Dynamically Allocating a Struct within a Struct

Question

I am dynamically allocating a struct which has a different struct as a member:

struct a {
   // other members
   struct b;
}

struct b

Answer 1

The difference is really equivalent to any other situation where you're comparing "automatic" and "dynamic" allocation.¹

In terms of a guide as when you should use a pointer member, I would say that you should avoid it unless there's a good reason not to, due to the programmer overhead in dealing with manual memory management (and the bugs that it inevitably leads to).
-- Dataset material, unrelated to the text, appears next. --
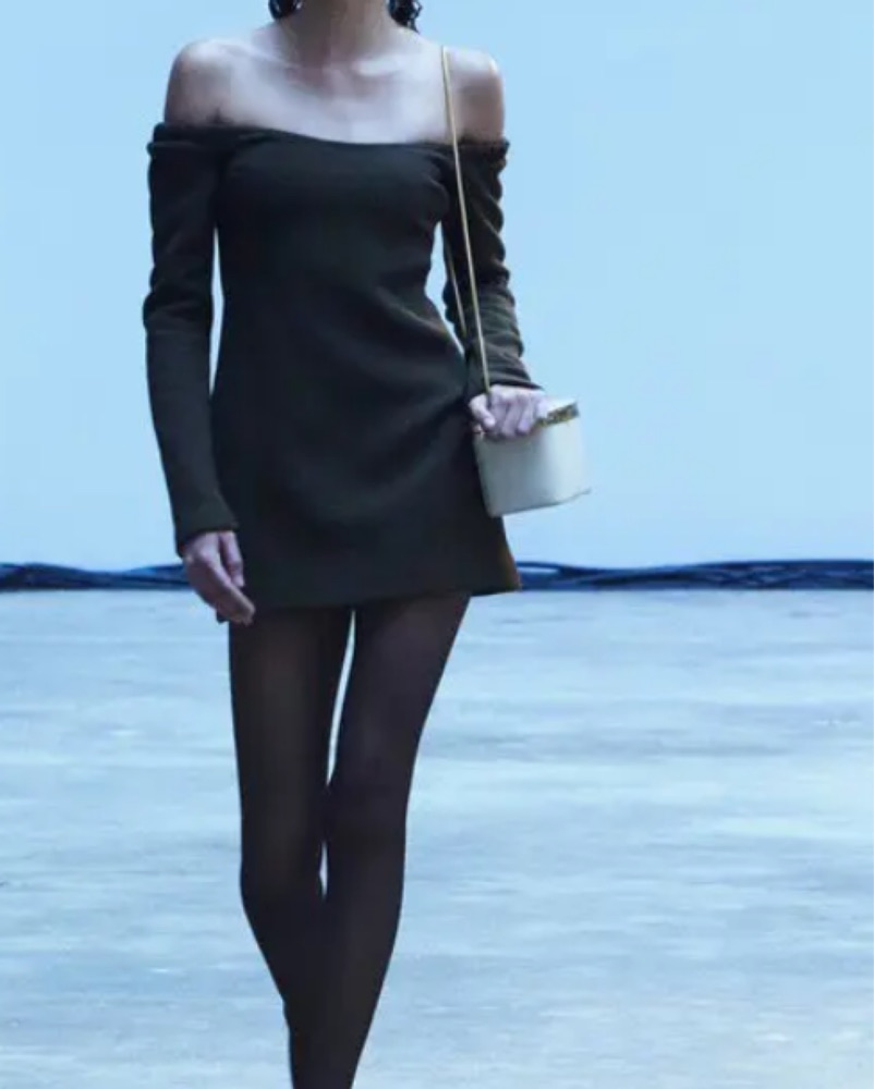 Off the Shoulder Long Sleeve Wool Crepe Minidresso it

An example of a good reason would be if you needed your struct a to refer to an existing struct b.

---

_{1. "automatic" is the term used in the C standard for this sort of allocation, because the memory is cleaned up automatically.}

Answer 2

If you dynamically allocate (malloc) struct a as in

struct a *temp = (struct a *)malloc(sizeof(struct a));

you malloc space for a pointer to struct b (assuming that's what is in struct a) but you don't malloc space for struct b. That means later you'll have to do

temp->b = (struct b *)malloc(sizeof(struct b));

before you try and use struct b.

If you don't store a pointer to struct b but rather struct b directly then you'll get the automatic allocation when you define struct a.

Answer 3

First, let's get some real definitions in place to make this concrete.

struct b {
    int x;
};

struct a_with_b {
    struct b b;
}

struct a_with_b_ptr {
    struct b *bp;
}

When you encapsulate a struct, you just need to allocate the outer struct (and since the inner struct is not a pointer, you use . to reference members of the innert struct):

struct a_with_b *a1 = malloc(sizeof(struct a_with_b));
a1->b.x = 3;

But when you encapsulate a pointer, you have to allocate each independently and use -> when referencing members of the inner struct:

struct a_with_b_ptr *a2 = malloc(sizeof(struct a_with_b_ptr));
a1->b = malloc(sizeof(struct b));
a1->b->x = 3;